Nuxie was even more than that in Cincinnati. Together with Marty, they did not just call Reds games. They defined Cincinnati. There was Marty telling you the umpire was off that night or that someone did not run out a ground ball. There was Nuxie telling everyone that “If you swing the bat, you’re dangerous.” They always seemed to be talking about something a little bit more than baseball. People have all sorts of opinions about how a sporting event should be announced, and I will admit being more susceptible than most to those opinions. But Nuxie’s broadcasting wasn’t about style or form or any of that. He made his mistakes, mispronounced some names, whatever. His humanity always came through. At the end of any broadcast, you would think: “Wow, that’s a great guy. I’d love to have a beer with him and just talk baseball.”
I had that chance a time or two during my Cincinnati columnist days. And if you’ve ever heard Joe Nuxhall call a baseball game, you already know what it was like. Everybody loved Nuxie.

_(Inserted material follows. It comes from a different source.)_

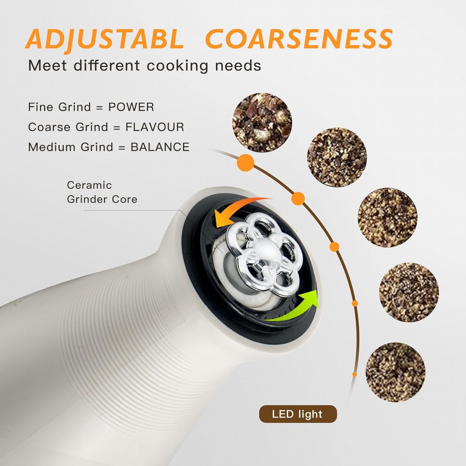 Adjustable Coarseness Salt Pepper Mill Set for Perfect Seasoning – Whether you prefer fine or coarse grinding, our easy-to-adjust ceramic grinder lets you customize your spice texture with a simple twist. Enjoy precise control over the seasoning of your dishes, ensuring perfect flavor every time

Joe Nuxhall retired in 2004, but he would pop back into the booth every now and again. He had a lot of health problems in his final days, — he was in and out of hospitals — but he still made his way around town, working the endless number of charities that wanted his name connected to their causes. He died late Thursday night. He was 79.
Nuxie used to end every broadcast the same way — he used to say, “This is the ol’ lefthander rounding third and heading for home.” When you heard that, I don’t know, it just made you feel like you were home too. Sully was right. He was the biggest man in town.